The cruze brakes are under sized for what it tips the scale at. 

I use C5 calipers with 12 Carlo rotors and LS1 Fbody brackets.

Fyi the first gen CTSV calipers fit with the 10+ SS rotors 
just need a good wheel offset


----------



## NBrehm (Jun 27, 2011)

SneakerFix said:


> The cruze brakes are under sized for what it tips the scale at.
> 
> I use C5 calipers with 12 Carlo rotors and LS1 Fbody brackets.
> 
> ...


Weight wise I still think you are just fine, but since the car is as slow a syrup running uphill, unless you race it, you shouldn't be having braking issues. I guess I just don't see the need for monster brakes on an econobox (barring track time). **** even on the track you would probably be better served managing your momentum with this car than hammering on 12 inch brakes, not like you have the torque to pull out of the turn with it after.


----------



## Smurfenstein (Nov 16, 2011)

NBrehm said:


> Weight wise I still think you are just fine, but since the car is as slow a syrup running uphill, unless you race it, you shouldn't be having braking issues. I guess I just don't see the need for monster brakes on an econobox (barring track time). **** even on the track you would probably be better served managing your momentum with this car than hammering on 12 inch brakes, not like you have the torque to pull out of the turn with it after.
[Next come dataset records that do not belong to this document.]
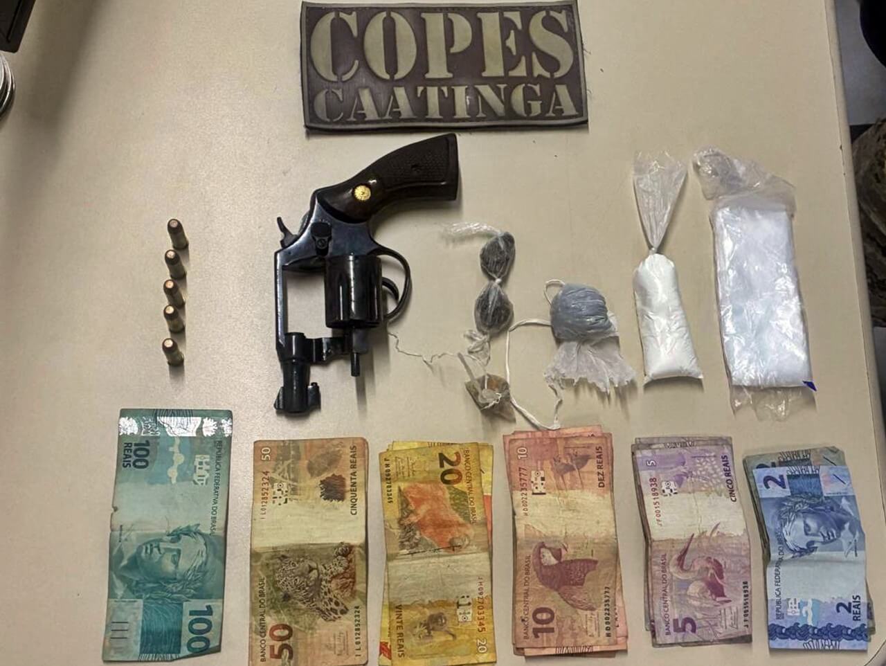 Na ação, a Copes apreendeu, 25 gramas de cocaína, 12 gramas de maconha, 5 gramas de crack, um revólver Taurus calibre 38 e cinco munições do mesmo calibre, além de R$ 466,00 em dinheiro.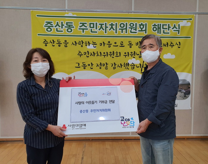김옥님 중산동장은 “중산동을 위해 늘 힘써주신 중산동 주민자치위원회에 감사드리며, 중산동 주민자치위원회에서 주신 기부금은 관내 어려운 이웃을 돕는 데 사용하겠다”고 말했다.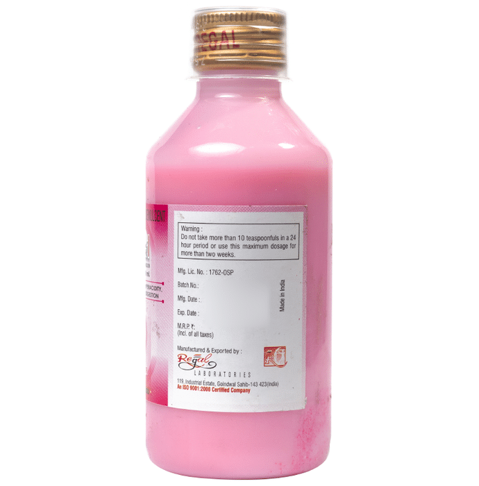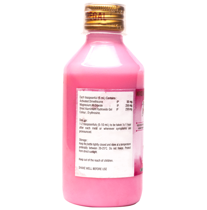 Regocil Oral Suspension Mint Sugar Free is a prescription medicine. It is helpful in treating acidity heartburn and stomach ulcers. It relieves the symptoms such as stomach pain or irritation. It also helps in neutralizing and releasing excess gas from the stomach.Regocil Oral Suspension Mint Sugar Free is a combination of three medicines. Take this medicine in the dose and duration advised by your doctor. It should be taken by mouth before meals preferably at bedtime. In case you miss a dose of this medicine take it as soon as you remember. Always complete the prescribed course of treatment. Do not take more than the recommended doses of this medicine as high dose may have harmful effects on the body. This medicine is generally well tolerated by patients. However it may cause constipation and diarrhea. Proper hydration helps to overcome these side effects. Always consult your doctor before taking the medicine if you are pregnant breastfeeding or if you are suffering from any severe stomach liver or kidney disease or any other known disease. Consult your doctor immediately if you experience severe diarrhea and constipation.

After a full season of heavy autocross I'm pretty sure Poje has proven that our brakes are crap stock, especially since if my memory is correct, the stock brakes crapped out half-way through his first day. Then upgraded stock size rotors and pads did the same, followed by the ZZP kit, and it wasn't until he had upgraded rotors and pads for the ZZP kit that they actually worked.
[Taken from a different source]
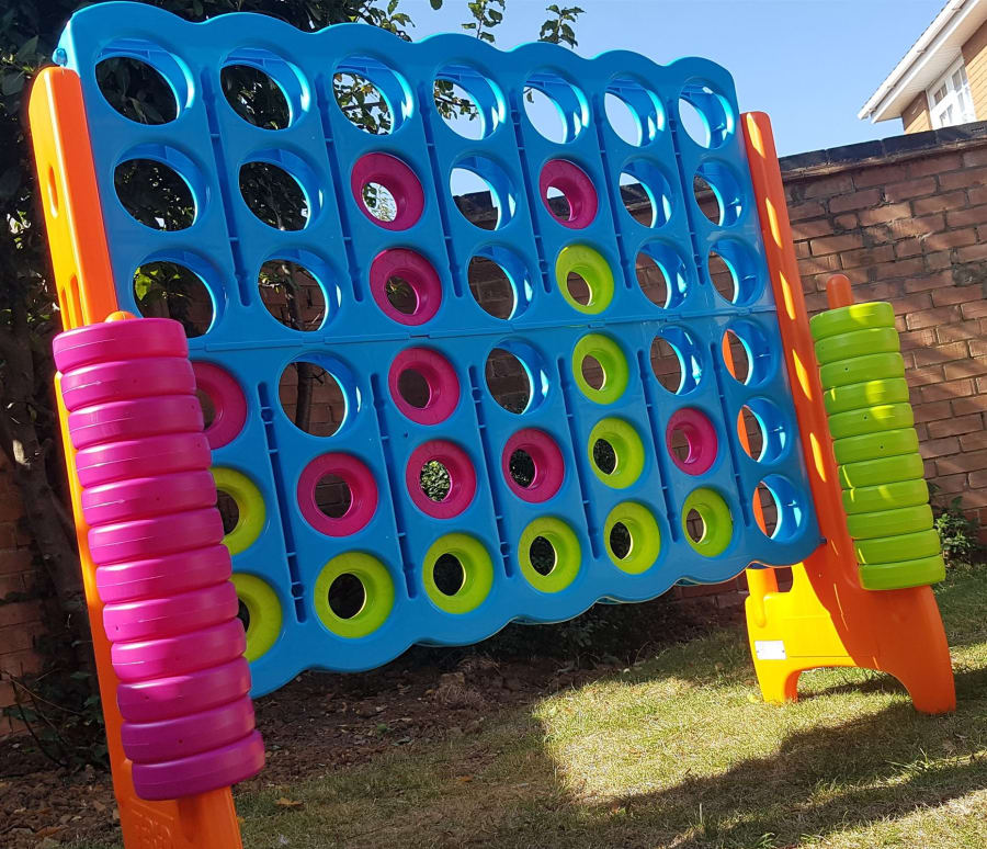 From Hasbro. The board measures 1.1m x 1.1m. A classic educational game of strategy where you have to connect 4 counters in a row to win. Perfect for parties. Popular at any event/celebration. A great add on when hired with other products ie Bouncy castle etc.

Also, I don't know why you mentioned running uphill, its downhill that matters. I've gone down mountains before where I wasn't even going fast, and I was smelling brakes/feeling my brakes shake from overheating before I was even half-way down. Our stock brakes are perfectly fine going around town and economy highway driving, but anything more than that and they fall flat on their face.


----------



## NBrehm (Jun 27, 2011)

I was referring to the syrup running uphill, not the car . Auto-cross is a different beast altogether, you can't really manage momentum on such a tight course so i can def see a brake upgrade working there, especially since you don't carry much speed.


----------



## Smurfenstein (Nov 16, 2011)

NBrehm said:


> I was referring to the syrup running uphill, not the car . Auto-cross is a different beast altogether, you can't really manage momentum on such a tight course so i can def see a brake upgrade working there, especially since you don't carry much speed.


You'd be surprised what our car can do once its up to speed. You just need to get it up, then keep it there through the turns, and it will just hug corners like a dream, especially being a simple economy car.
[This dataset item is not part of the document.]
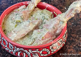 - Once the chicken is cooked, add melon seeds, cashew paste, fresh cream. Let it simmer for a little while.

The only good thing that can/will come from this kit, is whether or not we can talk the dealers into selling the calipers separate, allowing us to save money, or pay the same amount, but end up with better pads/rotors.


----------



## NBrehm (Jun 27, 2011)

Smurfenstein said:


> You'd be surprised what our car can do once its up to speed. You just need to get it up, then keep it there through the turns, and it will just hug corners like a dream, especially being a simple economy car.
> 
> .


That's What I meant by managing your momentum Vs heavy throttle/brake application. I will give you it hugs corners well for an economy car, but it is still a far, far, far cry from high performance. It's too top heavy, has a poor weight bias with too narrow of a track in anything close to stock trim. And maybe it is just me, but I'll take the added clamping force and energy/heat distribution of 2 more pistons over a slightly larger diameter rotor any day of the week.


----------



## Blue Angel (Feb 18, 2011)

NBrehm said:


> They are twin 300MM piston calipers.


Holy clamping force, Batman! Twin 300mm pistons in a brake caliper? What size are the disks? Those could stop the debt clock!


----------



## Blue Angel (Feb 18, 2011)

SneakerFix said:


> I use C5 calipers with 12 Carlo rotors and LS1 Fbody brackets.
> 
> Fyi the first gen CTSV calipers fit with the 10+ SS rotors
> just need a good wheel offset


Do share more info! Got a link to a DIY or some pics? I assume you're using these on a Cruze?


----------



## NBrehm (Jun 27, 2011)

Blue Angel said:


> Holy clamping force, Batman! Twin 300mm pistons in a brake caliper? What size are the disks? Those could stop the debt clock!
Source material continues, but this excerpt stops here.